El desarrollo de la humanidad no ha tenido siempre un impulso franco, progresivo. Las ideas y los hechos luminosos que han transformado al mundo tienen su contraparte, obstáculos que el hombre mismo, absurdamente, ha puesto en su camino. Así, junto a la explosión de su genialidad permanecen encubiertas mil formas de comportamiento disparatado que frenan su destino natural.
En este sentido –precisamente la falta de sentido común– drama y comedia van de la mano. Toda suerte de hechos increíbles y de leyendas y mitos irracionales llenarían el más grande muestrario de lo absurdo con ejemplos que hablan de la experiencia de siglos.

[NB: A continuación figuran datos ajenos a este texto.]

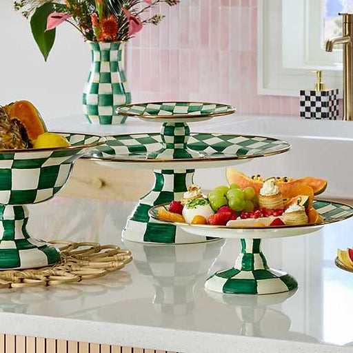 MacKenzie-ChildsDetails The Rosy Check® Mini Pedestal Platter is the center of attention at every gathering. It features checks hand-painted in rosy hues over a st...

Sueños afiebrados y tradiciones aceptadas forman la levadura de lo absurdo. Por ejemplo, mucho de la búsqueda y la exploración de tierras nuevas en siglos pasados, tuvo su origen en la teoría de que el oro -causa de guerras injustificadas entre países y de campañas despiadadas para obtenerlo- se ofrecía sin reservas al primero que se atreviera a buscarlo. Bien sabemos las consecuencias de esta búsqueda. La voz del rey Midas resuena con mayor brío en nuestros tiempos.
Con ese mismo criterio barroco se hicieron árboles genealógicos dictados por la vanidad, colecciones inútiles, protocolos retorcidos que son producto de mentes alucinadas o como decía Voltaire, de “los caballeros de la ignorancia, los paladines del papeleo, los campeones de la confusión”.

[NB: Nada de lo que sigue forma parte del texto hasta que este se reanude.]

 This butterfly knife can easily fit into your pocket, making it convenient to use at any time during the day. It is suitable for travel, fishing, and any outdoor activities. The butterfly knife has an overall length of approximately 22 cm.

Ahora bien, durante siglos las oligarquías de siempre dirigiendo las fuerzas de las grandes potencias se distribuyeron, a sus anchas, el mundo entero. Entre lo absurdo y la confusión invadieron, explotaron, sacrificaron y exprimieron. Por supuesto que la Iglesia participó en estas conquistas y obtuvo buenos protectorados, abanderada de lo que decían era la palabra de Dios.
Hoy el mundo se debate en las transformaciones de la democracia. Durante la Segunda Guerra Mundial fueron liberados, al fin, los cuatro jinetes del Apocalipsis quienes siguen, hasta la fecha, cabalgando campantes por todo el planeta que se convulsiona entre las calamidades bíblicas. Son los triunfos de las democracias modernas.
México no escapa de esta vorágine. Estamos viviendo y sintiendo tiempos difíciles; es la lucha por el poder. Pero cuando el poder se encarna, entonces se hace difícil deshacerse de el, aunque duela. Se crean ambientes virtuales y se envuelve a la ciudadanía. El país se convierte en un laboratorio en el cual nos movemos y brincamos como cuyos o ratoncitos cuando recibimos un choque eléctrico.
Lo que necesitamos es paz y tranquilidad. Requerimos honestidad para no intentar tapar el sol con un dedo. Precisamos una Nación fuerte en sus instituciones, fortaleza que solo se puede dar cuando es dirigida por seres humanos que sienten a su país en las venas, en los nervios, en los sentidos; no en los bolsillos. No necesitamos mesías intolerantes ni agitadores sociales. Necesitamos cordura, paz, entendimiento.